This article originally appeared in National Review.
The Great Recession amplified the economic anxieties that Americans experience in good and bad times. It also focused policy and media attention on economic problems that predate the downturn by decades. These long-term issues were “rediscovered” as recent structural problems, such as “secular stagnation” and Thomas Piketty’s r (the return on capital) moving closer to g (the economic growth rate). Income inequality became the defining challenge of our time, even though it had been high and rising during the 1990s boom and the financial crisis lowered it significantly (if temporarily).
But “labor-force dropout” — jobless people giving up on finding work — has also received renewed attention. Neither policy researchers nor policymakers nor media commentators have understood this problem sufficiently. How concerned should we be about labor-force dropout and its sources?
In one sense, we have been overly concerned. Much of the increase in the share of Americans who are neither working nor looking for work may be attributable to positive or benign trends (such as increased school enrollment, earlier retirement, or greater sharing of household duties by couples), especially among younger men and women and older men. Among men of prime working age (25 to 54), however, nearly all of the increase is attributable to a rise in the share who do not want a job. One-third of the drop in the share of men in the labor force is accounted for by an increase in men who say they are sick or disabled. That group’s health status has not deteriorated over time, however, and evidence suggests that federal disability programs may be inducing a growing number of men who are able to work to drop out of the labor force.
Bureau of Labor Statistics data on labor-force participation — the fraction of Americans working or looking for work in a typical week — start in 1948. Among men, that year has the highest participation rate on record: 87 percent were in the labor force. By 2013, male labor-force participation had fallen to just 70 percent.
That the concern over labor-force dropout is properly focused on men is easily seen in the labor-force participation figures for women. Female participation rose steadily until 1999, as more and more women — especially married women — entered and remained in the work force. Only one in three women were working or looking for work in 1948, but 60 percent were doing so in 1999. As recently as 2008, the figure was still between 59 and 60 percent, though it fell to 57 percent by 2013.
What is more, if we have a problem with labor-force dropout, it is largely confined to prime-working-age men specifically, as noted above.
Labor-force participation among men under 25 years old was 75 percent in 1978, down only slightly from 76 percent in 1948. It declined at an accelerating clip after that, falling below 57 percent by 2013. But increasing school enrollment explains most of this drop. Department of Education statistics show the enrollment rate among male 16- to 24-year-olds rising by about 13 percentage points from 1980 to 2012. Their labor-force participation fell by 18 percentage points over the same period.

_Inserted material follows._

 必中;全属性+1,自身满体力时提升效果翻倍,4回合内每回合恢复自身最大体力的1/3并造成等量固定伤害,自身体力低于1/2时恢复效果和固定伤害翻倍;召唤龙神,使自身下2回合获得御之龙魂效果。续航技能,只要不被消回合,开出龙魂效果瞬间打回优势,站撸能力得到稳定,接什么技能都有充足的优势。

And among older men, labor-force participation has actually been on the rise. Among men ages 55 to 64, participation bottomed out in 1994 at 66 percent (down from 90 percent in 1948). That large decline partly reflects a fall in the typical age at retirement. After 1975 it is possible to disaggregate this group into men 55 to 59 years old and men 60 to 64 years old. From 1976 to 1994, labor-force participation fell by seven points among the younger group and by eleven points among the older group (and the older group grew faster than the younger group). Since 1994, labor-force participation among male 55- to 64-year-olds has risen to 70 percent. Most of this increase was due to rising participation among men ages 60 to 64. These trends predate the Great Recession by well over a decade and have held steady through peaks and troughs, so they are unlikely to reflect growing pressure from economic hardship to delay retirement.
That leaves men in the prime working-age years — between 25 and 54. Labor-force participation in this group peaked in 1951, at 97 percent. By 1970, it was still at 96 percent. But it soon began a steady decline, falling to 88 percent by 2013, nine points below its peak. What happened?
Using the survey data on which these BLS estimates are based, it is possible to begin teasing out why the labor-force participation of working-age men declined. The Current Population Survey (CPS) is conducted monthly, with questions varying somewhat in different months. Using May surveys, one can go back to 1969 to explore what men were doing in a typical week and whether those who were not working wanted a job. The March surveys let us look at men who did not work at all in the previous year and determine why they were not employed.
One way to start is by looking at working-age men in May who were neither working nor looking for work and determining how many of them said that they wanted a job. It turns out that only a minority have ever been interested in work. The fraction saying that they wanted a job, might be interested in one, depending on the details, or didn’t know was 28 percent in 1969 and showed no trend of change until the mid 1970s. It rose from 26 percent in 1974 to 38 percent in 1985 before falling back to 26 percent in 1989. By 1993 it was back up to 30 percent.
Unfortunately, 1993 was the last year this question was asked of a representative group of men not in the labor force. We can say, however, that among non-retired, non-disabled working-age men not in the labor force, the share open to taking a job fell from 44 percent in 1994 to 27 percent by 2006. (The 1994 estimate is much higher than the 1993 estimate, probably because retirees and disabled men — who were excluded from the survey beginning in 1994 — are less likely to want to work than other men who leave the labor force.) The implication is that 2006 was almost certainly a historical low for interest in work among non-working men. By 2013, the share open to working was back up to 36 percent, though that was probably still below pre-1994 levels.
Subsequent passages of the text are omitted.